Marchetti C, De Felice F, Palaia I, Musio D, Muzii L, Tombolini V, Benedetti Panici P

机构信息

Department of Gynecological and Obstetrical Sciences and Urological Sciences, "Sapienza" University of Rome, Viale Regina Elena 326, Rome 00161 Italy.
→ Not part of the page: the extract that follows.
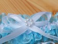 Jemný krajkový podvazek zdobený saténovou stužkou, mašličkou ze stužek a plastovým věnečkem složeným z droboučkých perliček. Krajka v barvě pomněnkově modrá (světle tyrkysová), stužka bílá.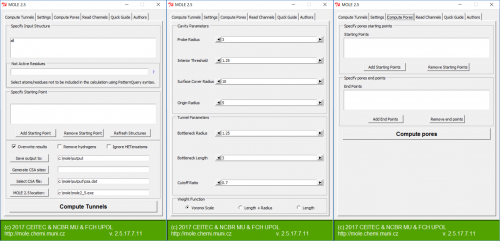 [edit]MOLE 2.5 is available as a GUI application with in-built molecular browser enabling user interactive work; command-line application and PyMOL & Chimera plugin. Some functionality is also available via online web service.

Department of Radiotherapy, Policlinico Umberto I "Sapienza" University of Rome, Viale Regina Elena 326, Rome 00161, Italy.

出版信息

Crit Rev Oncol Hematol. 2016 Mar;99:123-8. doi: 10.1016/j.critrevonc.2015.12.013. Epub 2015 Dec 29.

Abstract

This meta-analysis was planned to define the role of erythropoiesis-stimulating agents (ESAs) in gynecological cancer patients, receiving myelosuppressive treatment. Pubmed, Medline and Scopus were searched to select English-language articles. Only randomized controlled trials (RCTs) were included. Endpoints were incidence of transfusions, thrombotic events (TE), deaths, and failures. Odd ratio (OR) with 95% confidence interval (CI) was calculated using fixed or random effects model. In seven RCTs ESAs studies of 892 patients under treatment, use of ESAs correlates with a significant reduction of transfusions rate (OR=0.35; 95% CI: 0.19-0.65; p=0.008). OR for overall mortality was 1.10 (95% CI 0.82-1.49; p=0.53). ESAs OR for disease failure in 5 studies was 1.71 (95% CI: 0.90-3.24; p=0.1). This meta-analysis, even if limited by few RCTs, suggests that ESAs reduce transfusions without increasing mortality or disease progression in gynecological cancer patients receiving treatment.

摘要

本荟萃分析旨在确定促红细胞生成素(ESA)在接受骨髓抑制治疗的妇科癌症患者中的作用。检索了PubMed、Medline和Scopus以筛选英文文章。仅纳入随机对照试验(RCT)。观察终点为输血发生率、血栓事件(TE)、死亡和治疗失败。使用固定或随机效应模型计算比值比(OR)及95%置信区间(CI)。在7项RCT中,对892例接受治疗患者的ESA研究显示,使用ESA与输血率显著降低相关(OR=0.35;95%CI:0.19-0.65;p=0.008)。总死亡率的OR为1.10(95%CI 0.82-1.49;p=0.53)。5项研究中ESA治疗失败的OR为1.71(95%CI:0.90-3.24;p=0.1)。本荟萃分析虽受限于少量RCT,但提示ESA可减少输血,且不增加接受治疗的妇科癌症患者的死亡率或疾病进展。